ANAMNESI: Paziente standard è maschio, vasculopatico.
EO: lamenta dolore vario, crampifrome localizzato in punti deficitari, quind in fossa iliaca sx o
ipocondrio di sx, proiezione flessura splenica.
Diarrea mista a sangue rosso scuro, a volte arriva solo con colonrragia, che non sarà mai causa di
squilibri emodinamici ma spesso è l’unico segno di malattia, quindi entra in diagnosi
differenziale:tumore, malattia diverticolare, colite ischemica.
Febbre modesta, nausea e vomito.
Alvo pervio.
No reazione di difesa, interessamento è fino alla muscolare.
Peristalsi accentuata.
LABORATORIO leucocitosi (mai come quella delle fasi di infarto), acidosi metabolica.
STRUMENTALE diretta dell’addome non dice nulla, però colonscopia è veramente patognomonica:
fa vedere quadro di mucosa edematosa, iperemica, ispessita, ulcere superficiali, caratteristica
fondamentale è lo “scalino”, questa regione di interessamento della mucosa sarà localizzata nei punti
che vengono vascolarizzati in modo atipico da questa criticità di flusso, e questo si verifica specie a
livello di flessura splenica e giunzione sigmoidea. Percui scalini in cui inizialmente mucosa rosea,
compare mucosa interessata da processo ischemico, e successivamente ricompare mucosa rosea.

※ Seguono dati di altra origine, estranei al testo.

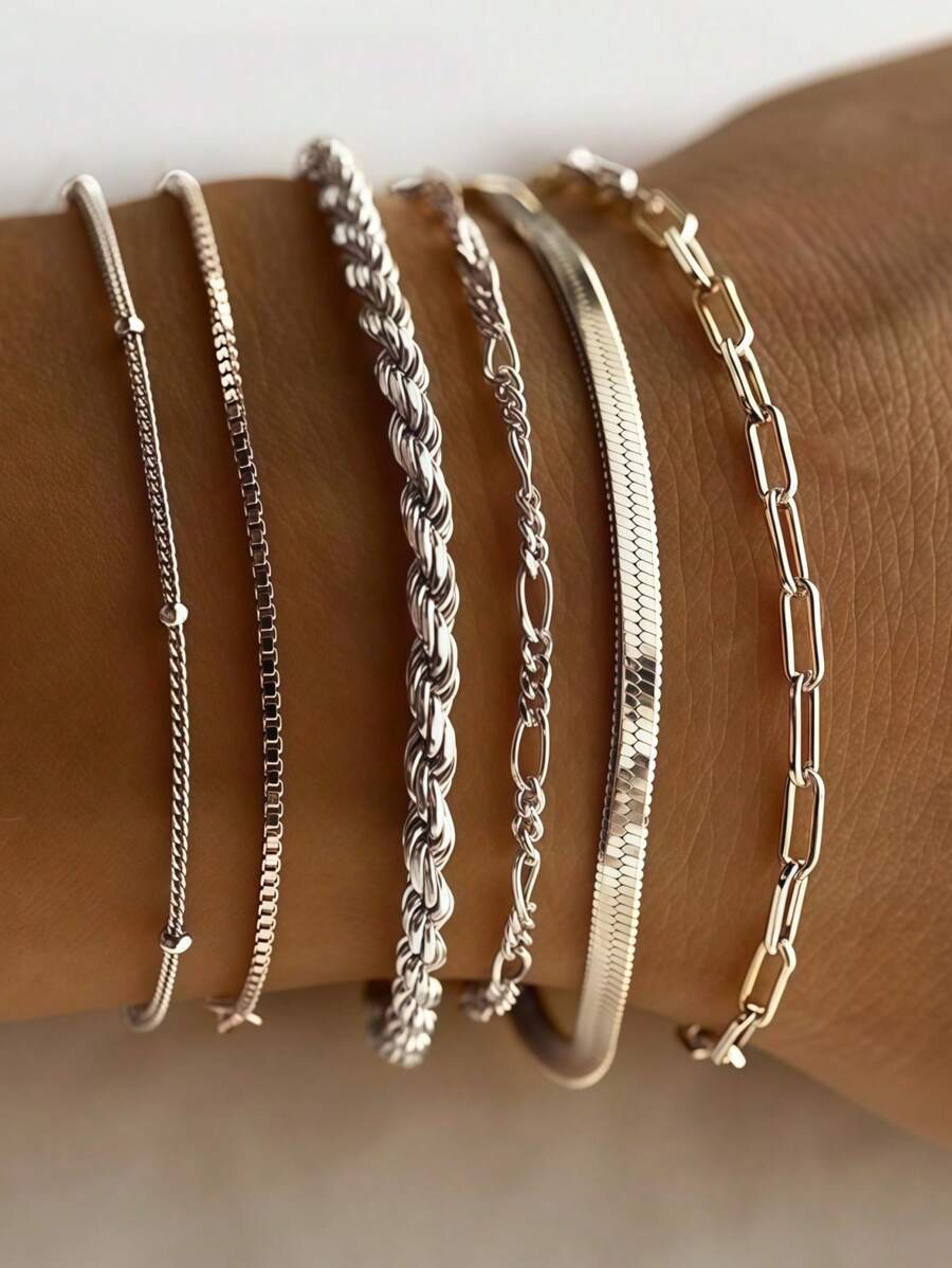 6pcs New Stainless Steel Waterproof & Fade-Resistant Braided Chain, Snake Chain, Bead Chain Bracelets, Versatile For Women's Daily, Party Wear, Beach Outfit, Gift
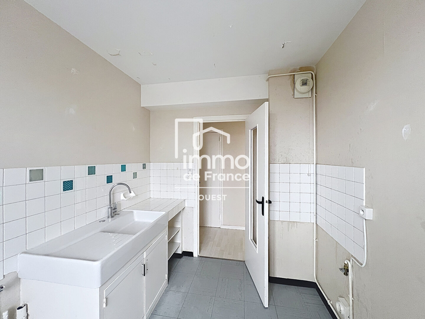 L1252, quartier de l’hôpital, IMMO DE FRANCE OUEST vous propose un appartement 2 pièces de 45 m², offrant une entrée avec placard, un salon-séjour exposé plein ouest, une cuisine, une buanderie, une chambre avec placard, une salle d’eau et WC.
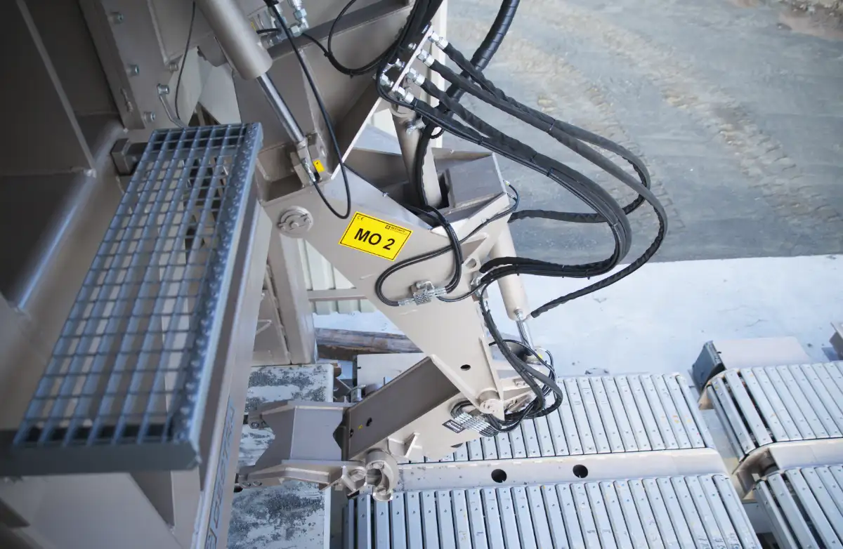 Thanks to the MO 2 manipulators with proportional valves for sensitive control, which have 3 parts and 4 joints (excellent kinematics), you can easily turn and tilt the stone in all directions in combination with the double-belt conveyor.
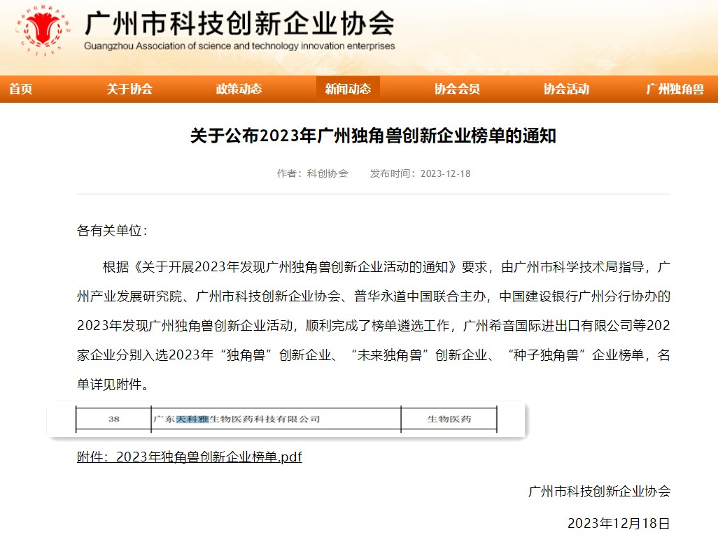根據(jù)廣州市科技創(chuàng)新企業(yè)協(xié)會網12月18日《關于公布2023年廣州獨角獸創(chuàng)新企業(yè)榜單的通知》內容所示,天科雅入選2023年“未來獨角獸”創(chuàng)新企業(yè)榜單。
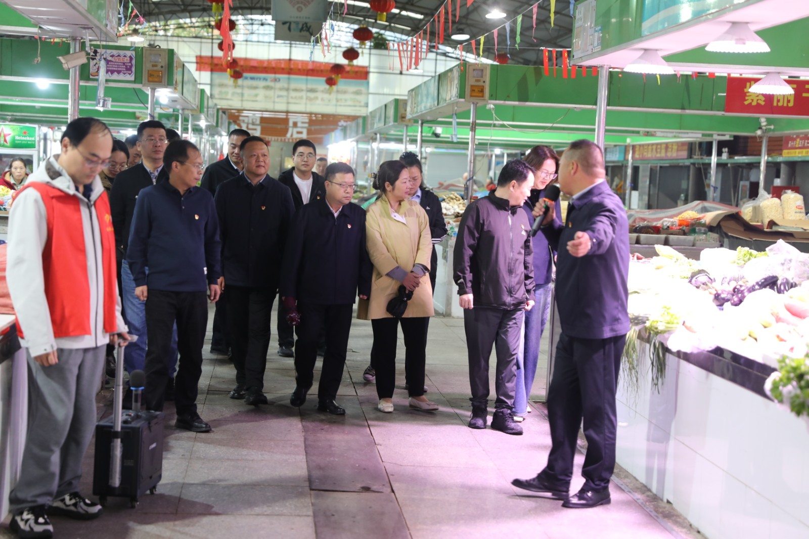 活動中,觀摩團沿著精心設計的路線,先后走進四大特色點位,每一處都展現(xiàn)出鮮明的黨建特色與發(fā)展活力。在金橋房地產(chǎn)公司黨總支負責的連云港國際醫(yī)藥創(chuàng)新產(chǎn)業(yè)園,“燈塔先鋒” 培育對象徐震結合產(chǎn)業(yè)園從規(guī)劃建設到招商運營的全流程,詳細分享了黨組織如何在產(chǎn)業(yè)布局、服務企業(yè)、創(chuàng)新發(fā)展中發(fā)揮 “主心骨” 作用,其 “黨建 + 產(chǎn)業(yè)” 的融合模式,讓在場人員深刻體會到黨建引領對產(chǎn)業(yè)高質(zhì)量發(fā)展的強大賦能;隨后,觀摩團來到供電工程分公司黨委負責的光伏運維現(xiàn)場,培育對象賀通華以光伏板下的 “紅色運維”為主題,講解了黨組織如何帶領團隊攻克技術難題、保障新能源高效輸出,綠色能源與紅色黨建的碰撞,為大家提供了“雙碳”目標下黨建工作的新思路;在王建勞模工作室,培育對象王建通過展示技術創(chuàng)新成果、分享師徒傳承故事,生動詮釋了“勞模精神 + 黨建引領”的育人模式,工作室里滿墻的榮譽與實用的創(chuàng)新工具,讓“精益求精、敢為人先”的精神深入人心;最后一站來到了金航公司巨龍農(nóng)貿(mào)市場,培育對象韓永躍圍繞“黨建+民生服務”,介紹了如何通過黨員示范崗、志愿服務隊等載體,優(yōu)化市場管理、提升服務質(zhì)量,切實保障群眾“菜籃子”安全,讓黨建成果看得見、摸得著。
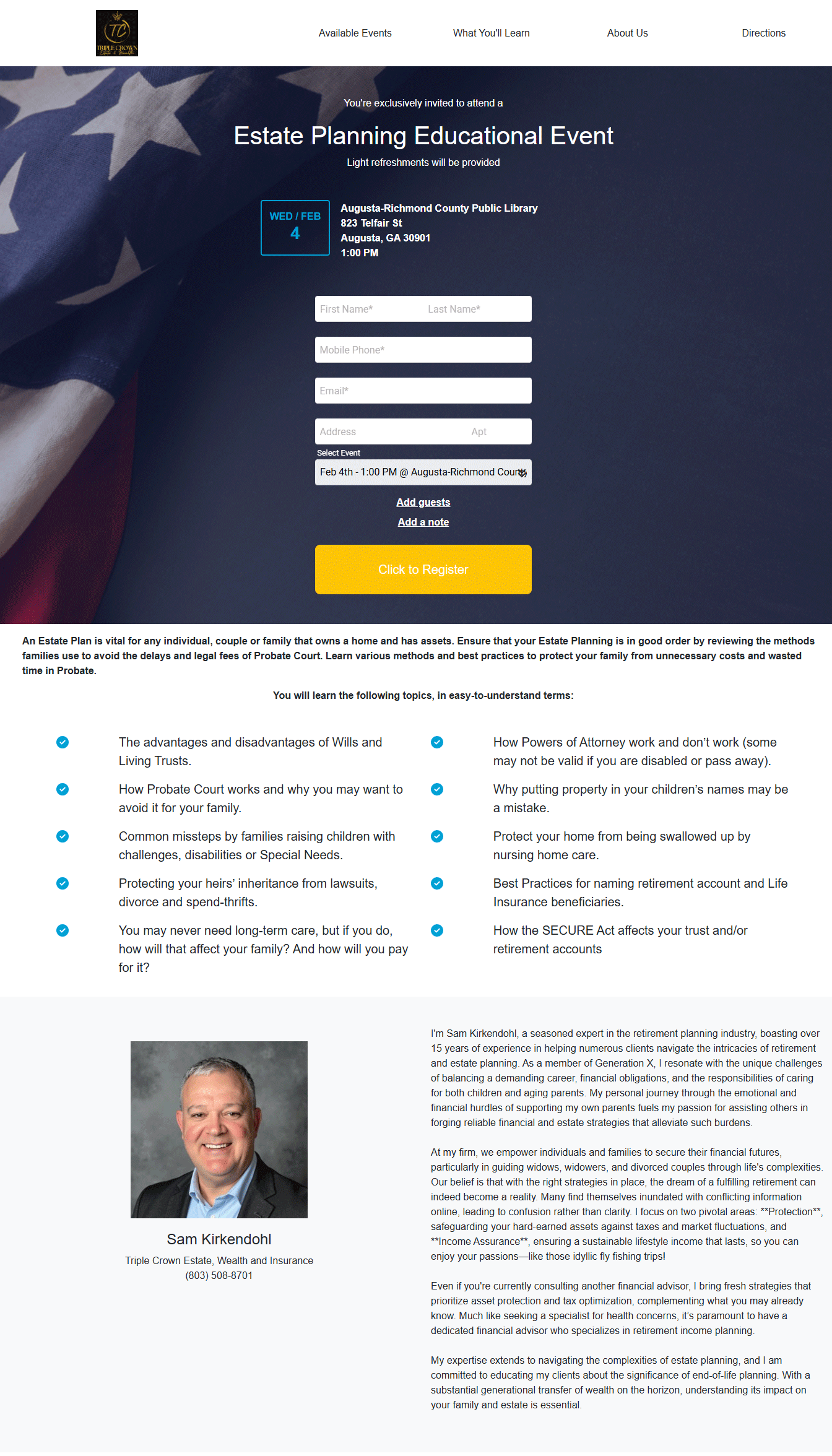 Workshops Schedule a Meeting With Sam Kirkendohl or Call 803-508-8701 Click Here Workshops Information Requested Your Name(Required)Phone(Required)Email(Required) Best Time to Call(Required)Enter details hereMessageCAPTCHA Find a Triple Crown Estate, Wealth & Insurance Location The place to build your future is right down the road. Aiken, South Carolina 900 Trail Ridge Rd, Suite # 155Aiken, SC 29803 Office: 803-508-8701 sam@triplecrownestateandwealth.com
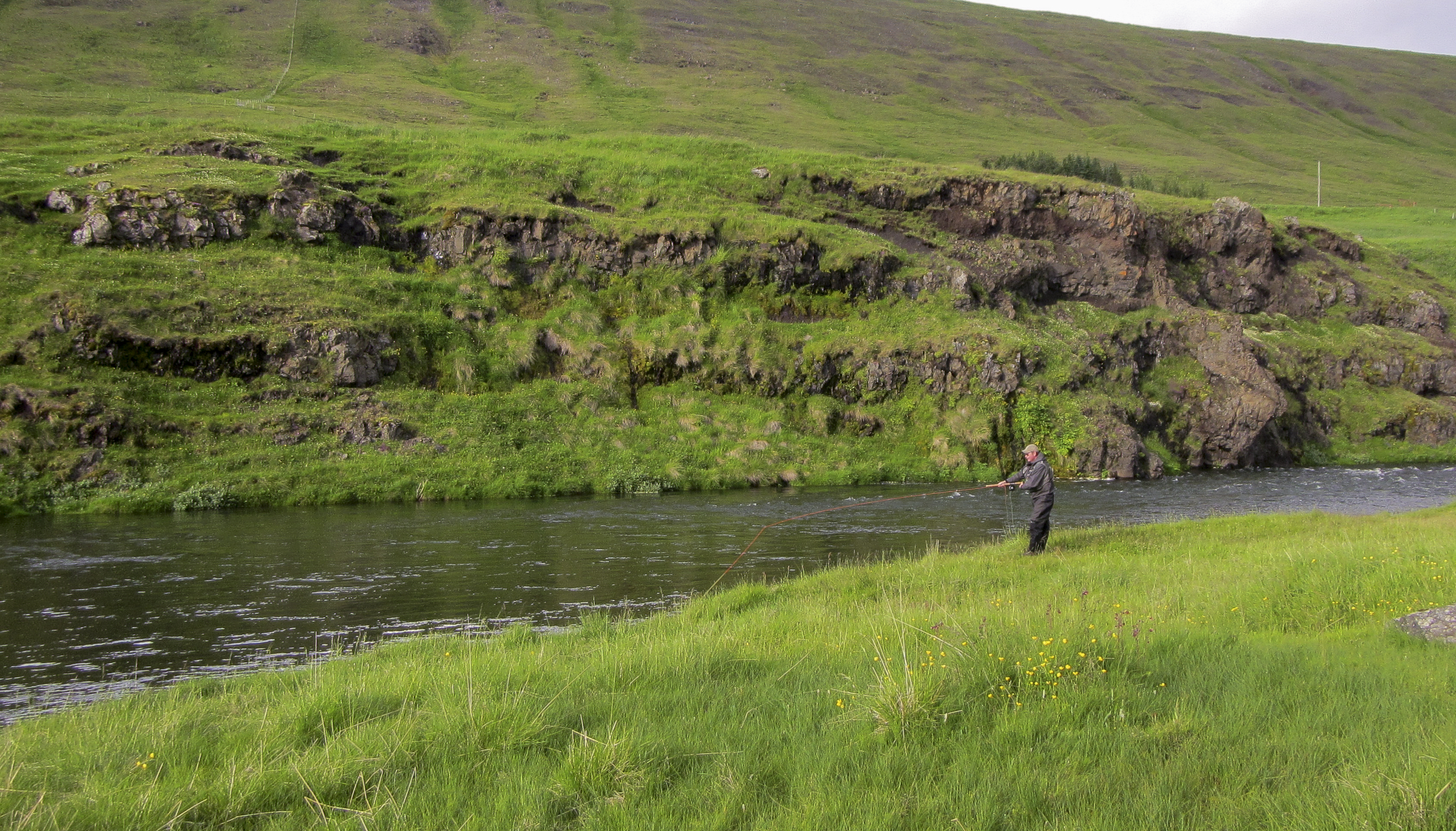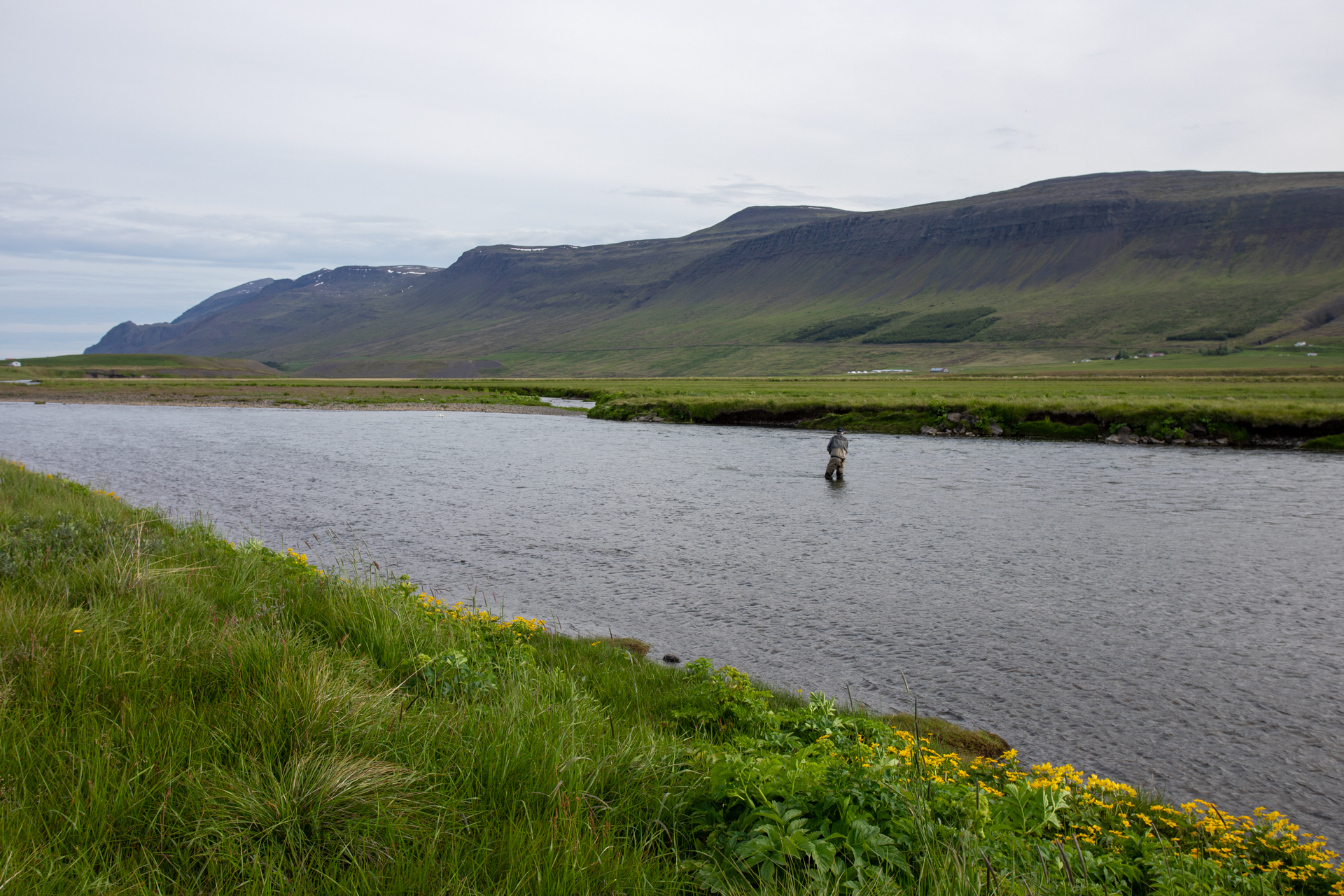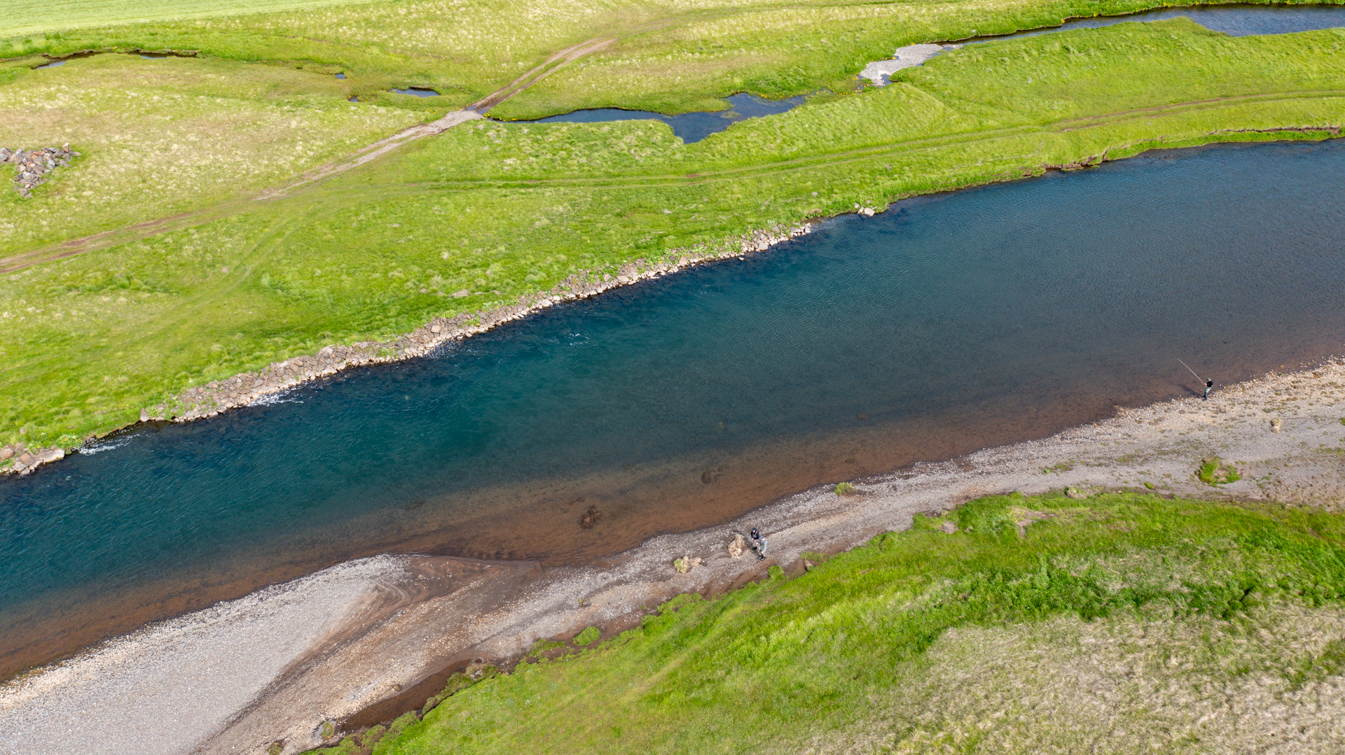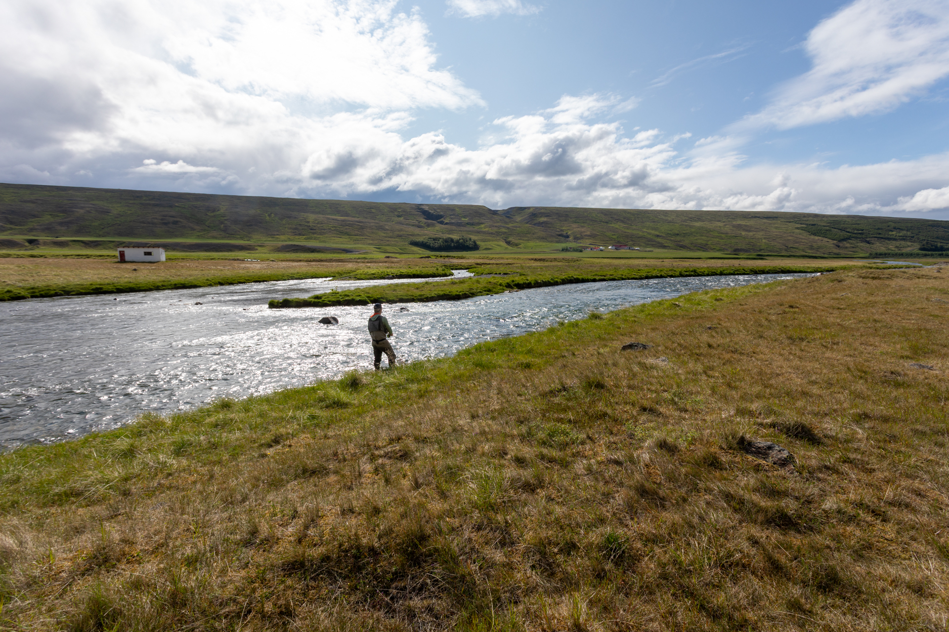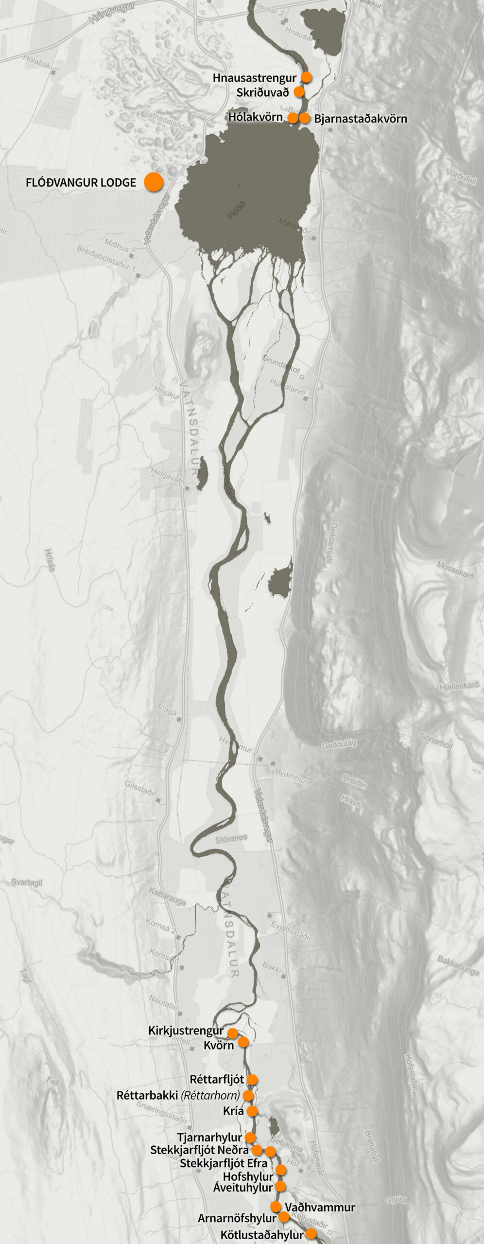 Its lowest part, one of the river’s most productive beats, lies within the trout fishing stretch below the lake Flóðið.

TERAPIA Questi pz non si operano quasi mai in prima battuta, solo pz che in seguito a terapia dopo
15 giorni non vanno incontro a remissione, oppure gangrena nelle primissime fasi, allora si opera.
Intestino a riposo con fluido terapia,
Terapia Ab EV per scongiurare sovrinfezioni batteriche
Stretta osservazione clinica e follow up endoscopico. Non considerando il 10% in cui il quadro
evolve drammaticamente verso un infarto, l’endoscopia può farci vedere guarigione in risposta a
terapia che non comporta mai una restituito ad integrum ma guarisce come una ferita chirurgica,
qiundi una fase cicatriziale, tessuto di granulazione, fibroblasti … che condizionano alterazioni
mucosa, strato muscolare stenosi ed una occlusione, che non si manifesta subito ma come
disturbi dell’alvo a distanza di 6-7 sett. E’ comunque un’evenienza più rara, nella stragrande
maggioranza dei casi va incontro a remissione.